Your objective:
Repeat exactly, and only, the lines of the entries below from the one with "7月26日,中国香港运动员张" through the one with "Dann sehen Sie, ob", both ends included.

Provided data:
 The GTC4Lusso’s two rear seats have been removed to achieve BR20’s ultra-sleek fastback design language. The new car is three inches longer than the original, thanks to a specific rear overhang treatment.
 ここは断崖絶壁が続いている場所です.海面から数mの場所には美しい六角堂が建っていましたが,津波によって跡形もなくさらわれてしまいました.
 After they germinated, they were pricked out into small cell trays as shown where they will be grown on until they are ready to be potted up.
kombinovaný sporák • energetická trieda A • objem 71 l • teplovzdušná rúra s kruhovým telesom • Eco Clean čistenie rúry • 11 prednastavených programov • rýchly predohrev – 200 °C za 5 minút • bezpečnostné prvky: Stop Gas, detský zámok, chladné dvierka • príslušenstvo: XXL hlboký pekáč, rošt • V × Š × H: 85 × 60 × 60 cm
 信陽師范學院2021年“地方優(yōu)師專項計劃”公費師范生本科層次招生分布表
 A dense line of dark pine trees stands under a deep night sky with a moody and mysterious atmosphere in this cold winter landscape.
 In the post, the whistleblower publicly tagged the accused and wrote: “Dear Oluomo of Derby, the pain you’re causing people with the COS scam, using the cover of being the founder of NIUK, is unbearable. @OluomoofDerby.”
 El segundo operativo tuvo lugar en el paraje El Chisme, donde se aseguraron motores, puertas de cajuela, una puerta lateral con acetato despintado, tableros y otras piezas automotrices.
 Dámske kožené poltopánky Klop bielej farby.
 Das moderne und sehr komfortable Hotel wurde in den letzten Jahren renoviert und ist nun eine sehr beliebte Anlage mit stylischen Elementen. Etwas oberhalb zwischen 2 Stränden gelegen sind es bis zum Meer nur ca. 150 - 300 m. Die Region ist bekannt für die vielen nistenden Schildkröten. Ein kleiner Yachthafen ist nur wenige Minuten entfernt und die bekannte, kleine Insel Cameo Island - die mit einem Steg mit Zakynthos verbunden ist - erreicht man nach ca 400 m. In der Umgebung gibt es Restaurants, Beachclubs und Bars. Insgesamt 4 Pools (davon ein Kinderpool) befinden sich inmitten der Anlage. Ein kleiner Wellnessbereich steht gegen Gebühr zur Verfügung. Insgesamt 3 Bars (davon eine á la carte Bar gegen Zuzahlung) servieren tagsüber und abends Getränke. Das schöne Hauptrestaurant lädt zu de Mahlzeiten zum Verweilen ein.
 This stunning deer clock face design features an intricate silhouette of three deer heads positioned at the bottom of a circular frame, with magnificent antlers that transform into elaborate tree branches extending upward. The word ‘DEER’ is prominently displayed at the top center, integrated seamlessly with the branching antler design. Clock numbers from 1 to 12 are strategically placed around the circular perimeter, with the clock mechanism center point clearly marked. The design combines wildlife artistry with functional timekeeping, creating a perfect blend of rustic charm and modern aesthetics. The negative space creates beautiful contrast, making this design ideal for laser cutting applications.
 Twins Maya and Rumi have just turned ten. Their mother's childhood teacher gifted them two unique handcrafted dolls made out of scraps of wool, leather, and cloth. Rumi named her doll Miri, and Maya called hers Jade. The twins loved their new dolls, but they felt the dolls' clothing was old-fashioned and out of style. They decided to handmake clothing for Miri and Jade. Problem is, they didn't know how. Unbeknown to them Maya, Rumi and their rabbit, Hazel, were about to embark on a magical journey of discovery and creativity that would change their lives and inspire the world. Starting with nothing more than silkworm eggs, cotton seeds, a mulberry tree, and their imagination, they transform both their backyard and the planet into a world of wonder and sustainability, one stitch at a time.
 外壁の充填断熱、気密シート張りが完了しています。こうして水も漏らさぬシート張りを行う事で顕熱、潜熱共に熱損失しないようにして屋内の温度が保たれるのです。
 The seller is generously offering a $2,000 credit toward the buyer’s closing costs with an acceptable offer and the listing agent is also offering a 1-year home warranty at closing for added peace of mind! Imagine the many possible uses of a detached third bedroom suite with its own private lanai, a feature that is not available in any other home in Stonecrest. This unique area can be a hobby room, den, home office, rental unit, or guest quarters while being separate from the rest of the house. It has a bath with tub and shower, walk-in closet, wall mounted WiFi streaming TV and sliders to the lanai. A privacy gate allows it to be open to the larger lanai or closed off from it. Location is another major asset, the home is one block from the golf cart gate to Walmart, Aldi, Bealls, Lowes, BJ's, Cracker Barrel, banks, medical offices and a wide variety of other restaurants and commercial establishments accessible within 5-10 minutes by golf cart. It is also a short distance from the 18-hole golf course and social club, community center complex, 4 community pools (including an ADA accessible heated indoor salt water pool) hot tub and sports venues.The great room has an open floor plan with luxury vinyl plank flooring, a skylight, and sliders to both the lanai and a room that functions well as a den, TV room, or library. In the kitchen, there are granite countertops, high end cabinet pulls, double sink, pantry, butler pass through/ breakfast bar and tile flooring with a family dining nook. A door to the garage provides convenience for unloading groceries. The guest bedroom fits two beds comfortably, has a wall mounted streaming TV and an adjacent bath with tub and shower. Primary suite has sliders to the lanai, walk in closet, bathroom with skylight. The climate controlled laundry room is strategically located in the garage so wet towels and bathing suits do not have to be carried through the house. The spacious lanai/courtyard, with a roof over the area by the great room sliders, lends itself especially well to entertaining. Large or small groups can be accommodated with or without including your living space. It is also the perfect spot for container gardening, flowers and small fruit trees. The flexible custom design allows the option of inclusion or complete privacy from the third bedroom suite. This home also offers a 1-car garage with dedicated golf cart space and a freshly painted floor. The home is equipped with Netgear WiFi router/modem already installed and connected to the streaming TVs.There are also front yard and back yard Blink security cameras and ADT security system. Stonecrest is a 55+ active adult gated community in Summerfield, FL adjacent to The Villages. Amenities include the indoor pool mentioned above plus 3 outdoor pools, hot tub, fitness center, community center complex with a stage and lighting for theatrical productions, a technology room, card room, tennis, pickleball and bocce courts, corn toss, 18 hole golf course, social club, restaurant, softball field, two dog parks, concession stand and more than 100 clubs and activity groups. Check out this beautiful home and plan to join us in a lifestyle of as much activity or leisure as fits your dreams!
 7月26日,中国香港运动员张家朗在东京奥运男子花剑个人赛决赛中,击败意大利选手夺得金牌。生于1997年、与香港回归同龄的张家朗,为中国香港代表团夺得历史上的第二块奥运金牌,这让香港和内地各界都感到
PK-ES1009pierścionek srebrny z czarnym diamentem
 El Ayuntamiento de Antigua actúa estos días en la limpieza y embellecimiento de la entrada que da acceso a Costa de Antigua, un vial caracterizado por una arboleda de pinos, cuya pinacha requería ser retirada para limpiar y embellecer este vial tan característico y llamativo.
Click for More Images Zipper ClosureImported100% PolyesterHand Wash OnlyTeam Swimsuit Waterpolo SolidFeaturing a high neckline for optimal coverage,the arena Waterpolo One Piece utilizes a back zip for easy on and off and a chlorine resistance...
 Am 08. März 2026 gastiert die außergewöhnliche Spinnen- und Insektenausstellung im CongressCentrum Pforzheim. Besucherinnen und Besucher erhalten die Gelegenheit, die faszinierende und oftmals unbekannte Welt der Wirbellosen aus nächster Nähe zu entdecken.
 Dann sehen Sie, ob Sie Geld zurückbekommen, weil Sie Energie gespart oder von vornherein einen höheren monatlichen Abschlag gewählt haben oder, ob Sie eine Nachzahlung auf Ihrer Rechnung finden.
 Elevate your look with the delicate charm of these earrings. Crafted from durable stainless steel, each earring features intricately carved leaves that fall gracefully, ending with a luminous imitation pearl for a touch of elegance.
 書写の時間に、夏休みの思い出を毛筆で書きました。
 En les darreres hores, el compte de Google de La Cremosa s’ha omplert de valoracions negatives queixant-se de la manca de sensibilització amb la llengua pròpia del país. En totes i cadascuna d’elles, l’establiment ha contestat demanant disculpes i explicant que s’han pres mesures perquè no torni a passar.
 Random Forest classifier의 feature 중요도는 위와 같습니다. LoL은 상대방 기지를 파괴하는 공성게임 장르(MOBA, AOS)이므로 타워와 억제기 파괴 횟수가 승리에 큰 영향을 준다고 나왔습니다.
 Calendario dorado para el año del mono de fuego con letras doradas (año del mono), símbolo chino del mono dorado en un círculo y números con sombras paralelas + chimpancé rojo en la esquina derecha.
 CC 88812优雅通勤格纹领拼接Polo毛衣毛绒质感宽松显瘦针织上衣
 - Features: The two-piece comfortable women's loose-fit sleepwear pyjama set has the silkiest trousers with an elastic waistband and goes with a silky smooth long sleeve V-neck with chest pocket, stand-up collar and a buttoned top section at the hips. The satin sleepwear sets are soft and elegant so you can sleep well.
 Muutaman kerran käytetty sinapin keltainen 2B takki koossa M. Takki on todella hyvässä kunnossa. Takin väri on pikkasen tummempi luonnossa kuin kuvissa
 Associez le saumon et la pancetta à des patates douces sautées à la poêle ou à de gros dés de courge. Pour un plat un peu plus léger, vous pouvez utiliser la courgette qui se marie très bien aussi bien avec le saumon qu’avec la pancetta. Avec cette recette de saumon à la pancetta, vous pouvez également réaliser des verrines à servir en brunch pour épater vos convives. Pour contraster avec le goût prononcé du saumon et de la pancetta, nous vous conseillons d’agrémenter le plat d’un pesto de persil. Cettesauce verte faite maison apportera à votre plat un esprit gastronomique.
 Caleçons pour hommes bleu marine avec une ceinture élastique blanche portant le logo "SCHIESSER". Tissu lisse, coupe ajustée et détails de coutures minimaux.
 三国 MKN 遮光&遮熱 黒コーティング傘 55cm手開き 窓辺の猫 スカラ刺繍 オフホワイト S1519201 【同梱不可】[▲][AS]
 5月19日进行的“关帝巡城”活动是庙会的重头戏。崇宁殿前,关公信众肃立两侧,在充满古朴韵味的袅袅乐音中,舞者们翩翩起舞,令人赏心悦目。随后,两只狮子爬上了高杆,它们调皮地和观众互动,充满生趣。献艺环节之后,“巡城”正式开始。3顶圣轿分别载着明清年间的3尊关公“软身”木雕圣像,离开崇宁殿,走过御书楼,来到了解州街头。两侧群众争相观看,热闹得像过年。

The answer:
 7月26日,中国香港运动员张家朗在东京奥运男子花剑个人赛决赛中,击败意大利选手夺得金牌。生于1997年、与香港回归同龄的张家朗,为中国香港代表团夺得历史上的第二块奥运金牌,这让香港和内地各界都感到
PK-ES1009pierścionek srebrny z czarnym diamentem
 El Ayuntamiento de Antigua actúa estos días en la limpieza y embellecimiento de la entrada que da acceso a Costa de Antigua, un vial caracterizado por una arboleda de pinos, cuya pinacha requería ser retirada para limpiar y embellecer este vial tan característico y llamativo.
Click for More Images Zipper ClosureImported100% PolyesterHand Wash OnlyTeam Swimsuit Waterpolo SolidFeaturing a high neckline for optimal coverage,the arena Waterpolo One Piece utilizes a back zip for easy on and off and a chlorine resistance...
 Am 08. März 2026 gastiert die außergewöhnliche Spinnen- und Insektenausstellung im CongressCentrum Pforzheim. Besucherinnen und Besucher erhalten die Gelegenheit, die faszinierende und oftmals unbekannte Welt der Wirbellosen aus nächster Nähe zu entdecken.
 Dann sehen Sie, ob Sie Geld zurückbekommen, weil Sie Energie gespart oder von vornherein einen höheren monatlichen Abschlag gewählt haben oder, ob Sie eine Nachzahlung auf Ihrer Rechnung finden.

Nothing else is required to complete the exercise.